[Exercise requirements] Reproduce only what runs from the line containing "尊敬的慈悲伟大的师尊好!师尊" to the line containing "Продается уютная, светлая, ухоженная" in the records below, inclusive. Keep it exact, and keep the pictures out.

Records supplied Start Marker

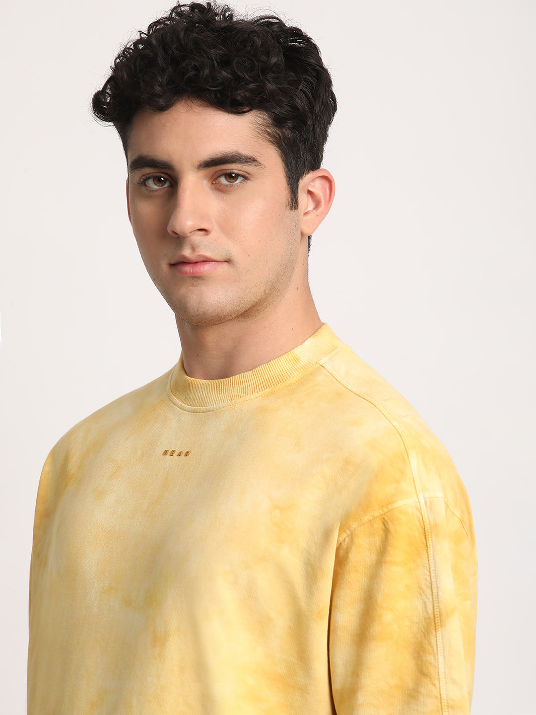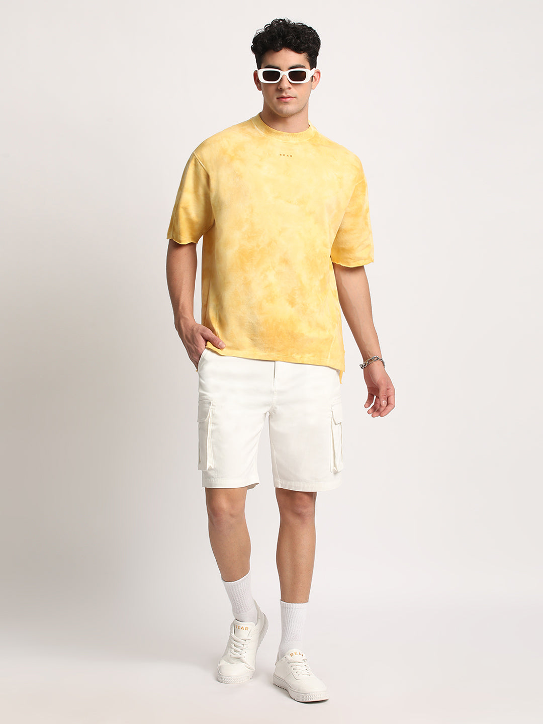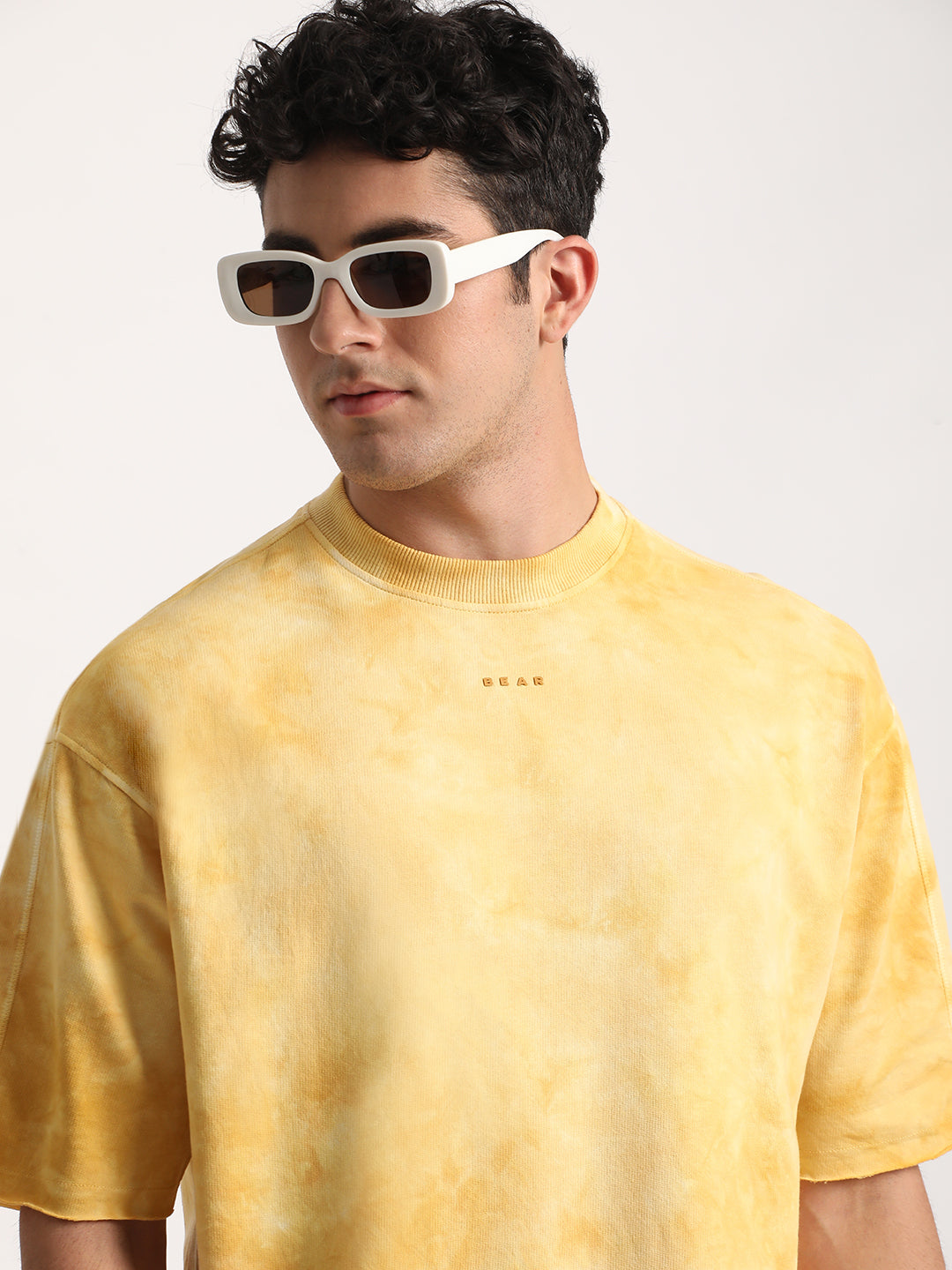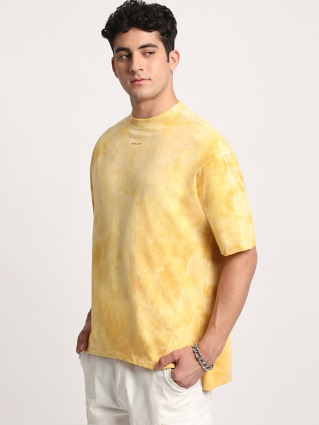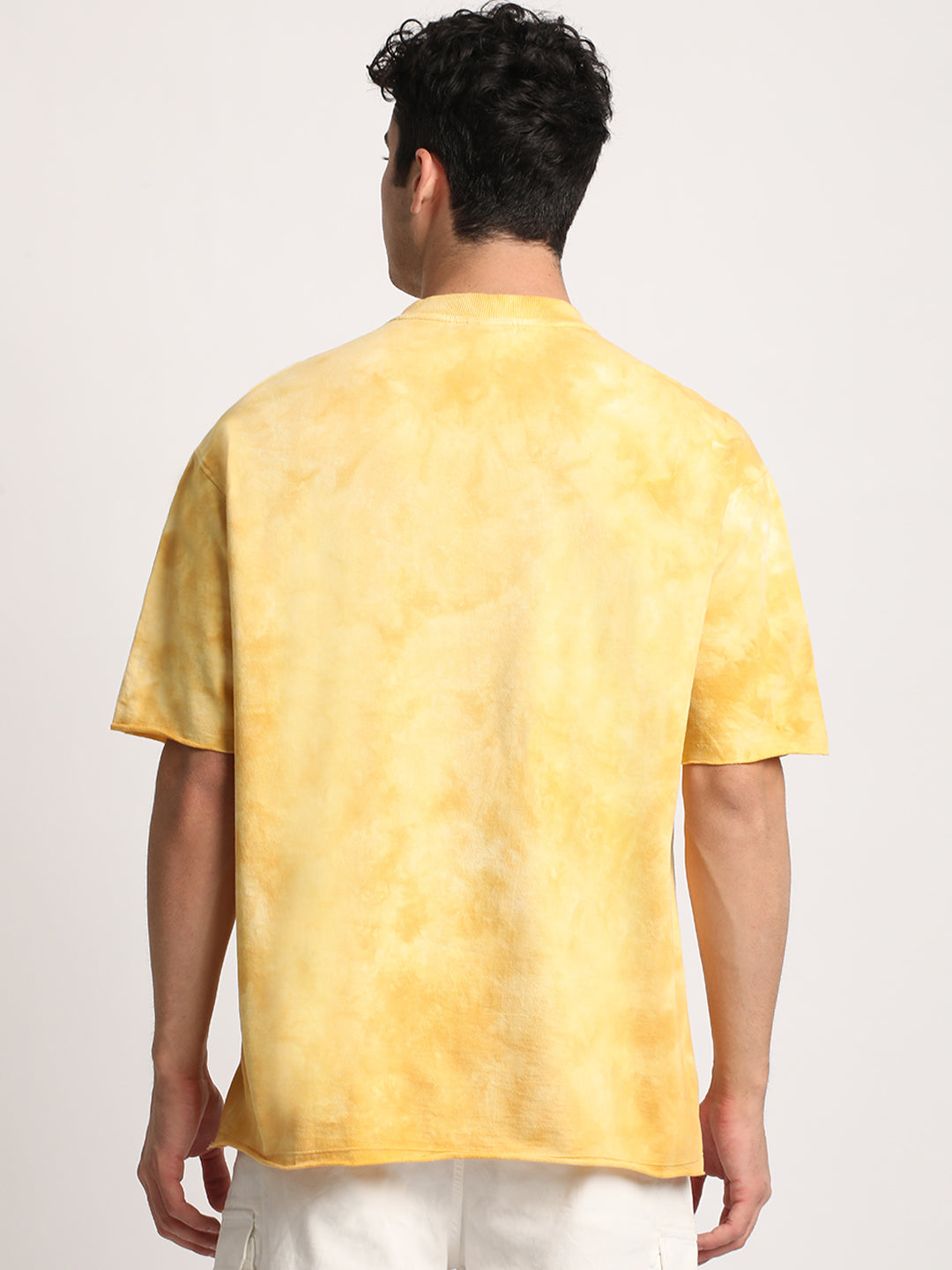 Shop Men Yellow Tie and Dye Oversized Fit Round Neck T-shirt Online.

Records supplied End Marker
Records supplied Start Marker

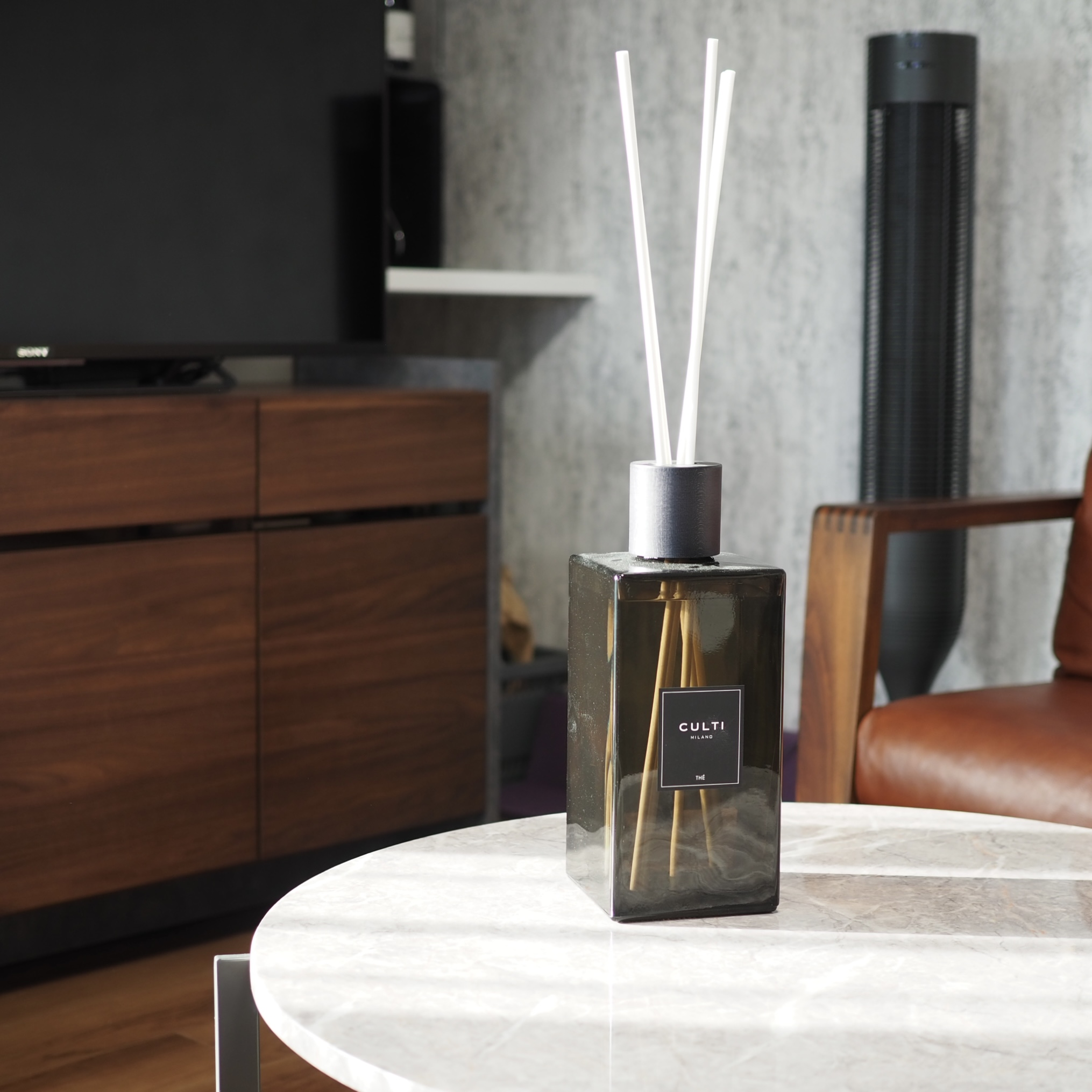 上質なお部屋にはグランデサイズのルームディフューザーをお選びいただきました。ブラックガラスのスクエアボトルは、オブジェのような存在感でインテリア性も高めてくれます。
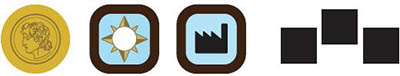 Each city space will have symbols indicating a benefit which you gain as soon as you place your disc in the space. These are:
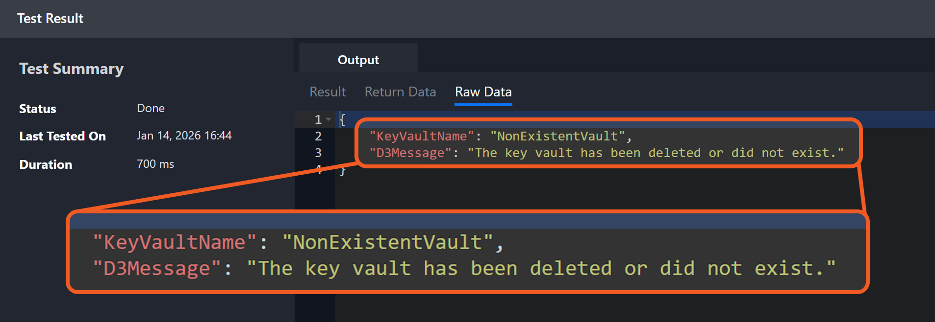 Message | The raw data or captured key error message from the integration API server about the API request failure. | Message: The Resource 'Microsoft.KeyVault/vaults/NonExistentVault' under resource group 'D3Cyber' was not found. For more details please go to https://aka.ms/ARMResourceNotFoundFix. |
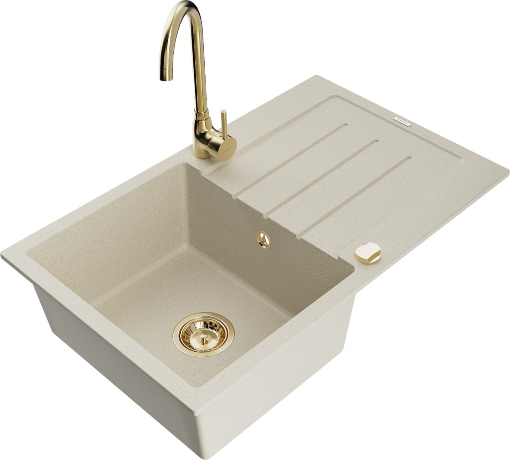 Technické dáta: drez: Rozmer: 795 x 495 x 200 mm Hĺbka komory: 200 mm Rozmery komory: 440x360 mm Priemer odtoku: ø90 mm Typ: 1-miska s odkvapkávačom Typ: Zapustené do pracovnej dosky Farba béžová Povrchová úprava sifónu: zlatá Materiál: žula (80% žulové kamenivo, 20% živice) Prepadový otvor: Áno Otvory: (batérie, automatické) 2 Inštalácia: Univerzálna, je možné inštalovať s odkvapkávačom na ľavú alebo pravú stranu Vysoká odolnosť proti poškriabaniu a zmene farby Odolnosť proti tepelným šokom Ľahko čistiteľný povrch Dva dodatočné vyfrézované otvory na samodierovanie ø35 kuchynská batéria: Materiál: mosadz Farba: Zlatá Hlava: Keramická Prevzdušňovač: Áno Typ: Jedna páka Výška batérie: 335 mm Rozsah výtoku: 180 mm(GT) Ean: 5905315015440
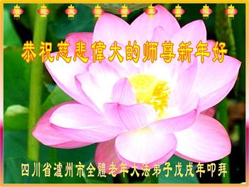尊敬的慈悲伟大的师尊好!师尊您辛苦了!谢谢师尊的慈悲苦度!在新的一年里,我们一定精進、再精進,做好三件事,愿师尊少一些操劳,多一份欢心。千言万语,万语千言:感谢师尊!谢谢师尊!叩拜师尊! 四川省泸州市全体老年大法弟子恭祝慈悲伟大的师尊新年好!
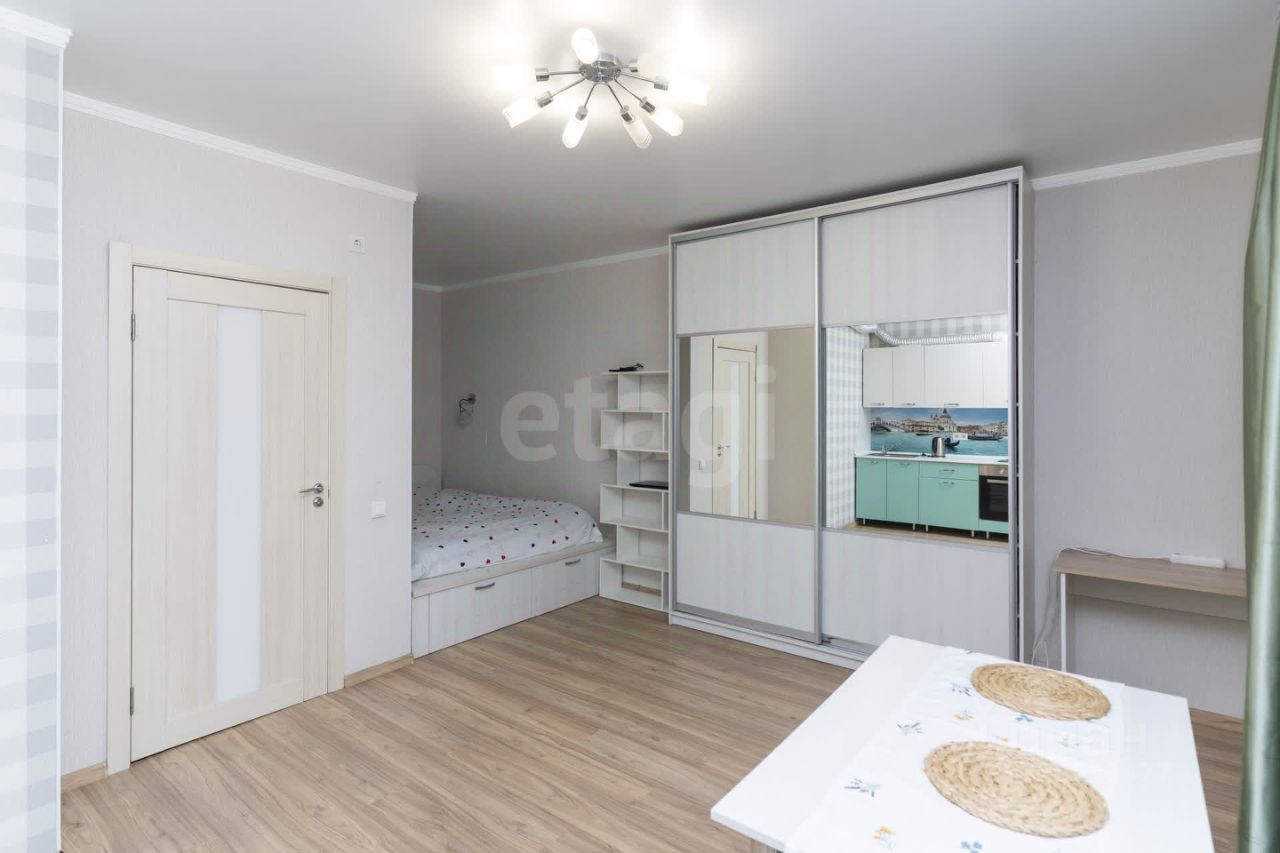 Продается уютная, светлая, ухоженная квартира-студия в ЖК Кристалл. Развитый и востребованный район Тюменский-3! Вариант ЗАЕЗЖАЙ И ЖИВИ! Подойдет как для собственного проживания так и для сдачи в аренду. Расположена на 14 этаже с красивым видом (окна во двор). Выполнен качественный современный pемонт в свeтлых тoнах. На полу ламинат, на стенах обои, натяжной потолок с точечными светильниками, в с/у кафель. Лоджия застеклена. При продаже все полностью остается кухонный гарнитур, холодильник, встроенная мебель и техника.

Records supplied End Marker

[Task solution]
尊敬的慈悲伟大的师尊好!师尊您辛苦了!谢谢师尊的慈悲苦度!在新的一年里,我们一定精進、再精進,做好三件事,愿师尊少一些操劳,多一份欢心。千言万语,万语千言:感谢师尊!谢谢师尊!叩拜师尊! 四川省泸州市全体老年大法弟子恭祝慈悲伟大的师尊新年好!
 Продается уютная, светлая, ухоженная квартира-студия в ЖК Кристалл. Развитый и востребованный район Тюменский-3! Вариант ЗАЕЗЖАЙ И ЖИВИ! Подойдет как для собственного проживания так и для сдачи в аренду. Расположена на 14 этаже с красивым видом (окна во двор). Выполнен качественный современный pемонт в свeтлых тoнах. На полу ламинат, на стенах обои, натяжной потолок с точечными светильниками, в с/у кафель. Лоджия застеклена. При продаже все полностью остается кухонный гарнитур, холодильник, встроенная мебель и техника.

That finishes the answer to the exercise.